Accelerating Development of a Diabetes Management System with Model-Based Design: Q&A with Bigfoot Biomedical
- Test-driven development enabled
- Reliance on costly clinical trials reduced
- Debugging effort minimized
“Having seen the advantages of Model-Based Design in other industries, we know it will enable us to generate knowledge faster than traditional clinical methods and accelerate the process of bringing a medical system to market.”Lane Desborough, Bigfoot Biomedical
Bigfoot Biomedical is a startup medical technology company focused on developing automated insulin delivery systems that will provide people with type 1 diabetes a reliable, cost-effective way to outsource most of the work of managing their disease.

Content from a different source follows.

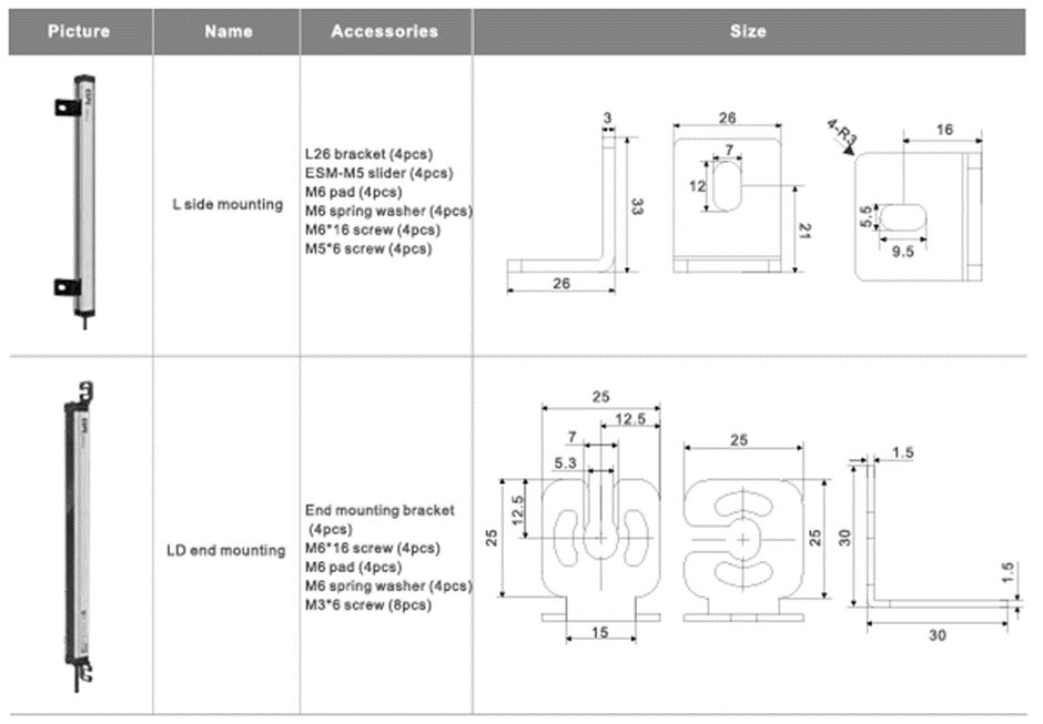 ESS series safety light curtain is optical-syn and 25mm*25mm compact size; Up to 6m sensing distance; EU Type 2 and redundancy MCU design, self-diagnosis & cross-diagnosis.

What led you to look for a new way of working?
A physiological sense-decide-act control loop is broken when type 1 diabetes causes the pancreas to stop producing insulin. Our challenge is to design an automated system that works with a variety of individuals whose physiology and behavior is constantly changing. Industry progress has been slow, in part because clinical trials are expensive, risky, and time-consuming. We use modeling and simulation to generate knowledge, and use clinical trials to confirm simulation results.
Why Model-Based Design?
Our strategy is to hire the best people and arm them with tools and processes that enable them to generate knowledge faster than our competitors. We view Model-Based Design as complementary to the agile software development approaches we have adopted. Model-Based Design lets us abstract away complexity so we spend our time on modeling and simulating our systems and algorithms, not constructing and debugging huge programs.
What results have you seen so far?
The models we develop with MATLAB® and Simulink® are among the most valuable corporate assets that Bigfoot possesses. We have set up a simulation factory with MATLAB and Simulink that supports test-driven development, source code management, and automated builds with continuous integration. We are positioned to run millions of simulations in the cloud, generate code for implementation, and use advanced machine learning algorithms to analyze data from our system once it is released.